На пятую ночь враг, вконец измученный, вынужден был дать протестантской армии передышку. Воспользовавшись этим, Генрих атаковал кагорцев и взял приступом последнее укрепление. Почти все его доблестные командиры получили ранения: де Тюренну пуля угодила в плечо; де Морне едва не был убит камнем, брошенным ему в голову.
    Один лишь король остался невредим; страх, который он так геройски преодолел, сменился лихорадочным возбуждением, почти безрассудной отвагой, он разил так мощно, что не наносил противникам ран, а убивал их.
    Когда последнее укрепление было взято, король в сопровождении неизменного Шико въехал во внутренний двор крепости; мрачный, молчаливый Шико с отчаянием наблюдал, как рядом с ними вырастает грозный призрак новой монархии, которой суждено задушить монархию Валуа.
    - Ну как?
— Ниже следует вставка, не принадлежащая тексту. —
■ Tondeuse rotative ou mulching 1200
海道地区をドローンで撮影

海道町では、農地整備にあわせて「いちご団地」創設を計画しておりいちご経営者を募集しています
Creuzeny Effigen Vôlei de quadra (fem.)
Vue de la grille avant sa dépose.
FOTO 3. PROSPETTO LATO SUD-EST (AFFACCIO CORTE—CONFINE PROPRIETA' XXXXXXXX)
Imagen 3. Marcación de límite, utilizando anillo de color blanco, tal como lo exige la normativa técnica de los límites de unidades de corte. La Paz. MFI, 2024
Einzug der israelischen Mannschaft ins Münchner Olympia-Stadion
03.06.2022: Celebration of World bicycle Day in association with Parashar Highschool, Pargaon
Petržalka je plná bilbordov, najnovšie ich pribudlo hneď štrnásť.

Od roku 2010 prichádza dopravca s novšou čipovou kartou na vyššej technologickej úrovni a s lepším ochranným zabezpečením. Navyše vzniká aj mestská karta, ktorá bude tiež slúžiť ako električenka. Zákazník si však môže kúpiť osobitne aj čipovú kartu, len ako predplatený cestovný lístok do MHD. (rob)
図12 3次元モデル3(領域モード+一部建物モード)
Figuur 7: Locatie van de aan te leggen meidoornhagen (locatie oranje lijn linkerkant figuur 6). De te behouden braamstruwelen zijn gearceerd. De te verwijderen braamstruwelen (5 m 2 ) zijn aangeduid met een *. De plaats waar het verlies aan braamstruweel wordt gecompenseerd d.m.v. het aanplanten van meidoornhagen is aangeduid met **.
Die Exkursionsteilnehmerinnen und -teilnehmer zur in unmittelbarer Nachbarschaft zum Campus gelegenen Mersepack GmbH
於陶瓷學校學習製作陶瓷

Что ты об этом думаешь? - спросил король, приподымая забрало и глядя на Шико так проницательно, словно он читал в душе злополучного посла.
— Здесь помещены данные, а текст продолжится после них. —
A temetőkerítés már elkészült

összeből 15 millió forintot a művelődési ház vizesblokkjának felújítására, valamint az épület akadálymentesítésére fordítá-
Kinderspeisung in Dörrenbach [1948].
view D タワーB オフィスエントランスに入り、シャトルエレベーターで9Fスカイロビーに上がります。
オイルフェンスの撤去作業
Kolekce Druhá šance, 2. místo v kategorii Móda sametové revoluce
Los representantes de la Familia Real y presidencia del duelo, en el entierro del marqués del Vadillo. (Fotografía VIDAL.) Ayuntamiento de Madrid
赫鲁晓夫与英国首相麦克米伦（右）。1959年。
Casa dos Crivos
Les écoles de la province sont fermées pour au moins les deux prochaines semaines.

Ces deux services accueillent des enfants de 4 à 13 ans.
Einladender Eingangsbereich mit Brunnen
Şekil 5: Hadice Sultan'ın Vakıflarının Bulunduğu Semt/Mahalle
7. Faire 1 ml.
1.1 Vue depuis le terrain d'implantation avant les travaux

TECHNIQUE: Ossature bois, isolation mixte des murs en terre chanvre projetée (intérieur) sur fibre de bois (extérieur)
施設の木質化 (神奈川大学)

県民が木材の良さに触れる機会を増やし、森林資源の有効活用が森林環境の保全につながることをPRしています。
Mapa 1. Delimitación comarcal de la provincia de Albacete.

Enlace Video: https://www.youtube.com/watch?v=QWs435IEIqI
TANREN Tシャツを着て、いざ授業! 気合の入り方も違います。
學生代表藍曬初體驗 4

    - Я думаю, государь, что вы - настоящий король! - с грустью промолвил Шико.
    В ту же минуту короля окружил десяток стрелков из личного отряда губернатора.
    Лошадь Генриха была убита под ним, лошади господина де Морне пуля перебила ногу.
    Король упал; тотчас на него был направлен десяток шпаг.
    Один только Шико удержался в седле; он мгновенно соскочил с коня, загородил собою Генриха и принялся вращать шпагой с такой быстротой, что нападавшие попятились.
    Затем он помог встать королю, запутавшемуся в сбруе, подвел ему своего коня и сказал:
    - Ваше величество, вы засвидетельствуете королю Франции, что если я и обнажил шпагу против него, то все же никого не ранил.
    Генрих обнял Шико и со слезами на глазах поцеловал.
    - Гром и молния! - воскликнул он. - Ты будешь жить со мной и умрешь со мной, Шико, согласен? Служить мне хорошо, у меня доброе сердце!
    - Ваше величество, - ответил Шико, - я могу служить только одному человеку - моему государю. Увы! Сияние, которым он окружен, меркнет, но я буду верен ему в несчастье. Не пытайтесь отнять у него последнего слугу!
    - Шико, - проговорил Генрих, - я запомню ваше обещание, слышите? Вы мне дороги, вы для меня не прикосновенны, и после Генриха Французского лучшим вашим другом будет Генрих Наваррский.
    - Да, ваше величество, - бесхитростно сказал Шико, почтительно целуя руку короля.
    - Теперь вы видите, друг мой, - продолжал король, - что Кагор наш, я скорее дам перебить все свое войско, нежели отступлю.
    Угроза оказалась излишней, Генриху не пришлось продолжать борьбу. Под предводительством де Тюренна его войска окружили гарнизон; господин де Везен был взят в плен.
    Город сдался.
    Генрих привел Шико в обгорелый, изрешеченный пулями дом, где находилась главная квартира, и там продиктовал господину де Морне письмо, которое Шико должен был отвезти королю французскому.
    Письмо было написано на плохом латинском языке и заканчивалось словами:
    "Quod mihi dixisti, profuit multum. Cognosco meos devotos, nosce tuos. Chicotus coetera expediet",
    что, приблизительно, значило:
    "То, что вы мне сообщили, было весьма полезно для меня. Я знаю тех, кто мне предан, познайте и вы своих слуг. Шико передаст вам остальное".
    - А теперь, друг мой, Шико, - сказал Генрих, - поцелуйте меня. Только смотрите не запачкайтесь, ведь я - да простит меня бог! - весь в крови, словно мясник! Вот мое кольцо: возьмите его, я так хочу; а затем - прощайте, Шико, больше я вас не задерживаю. Возвращайтесь поскорее во Францию; ваши рассказы о том, что вы видели, будут иметь успех при дворе.
    Шико согласился принять подарок и уехал. Ему потребовалось трое суток, дабы убедить себя, что все это не было сном.

XXIV. О том, что происходило в Лувре в то время, когда Шико вступал в Нерак

    Настоятельная необходимость следовать за нашим другом Шико вплоть до завершения его миссии надолго отвлекла нас от Лувра, в чем мы чистосердечно просим извинения у читателя.
    Было бы, однако, несправедливо еще дольше оставлять без внимания события, последовавшие за Венсен-ским заговором.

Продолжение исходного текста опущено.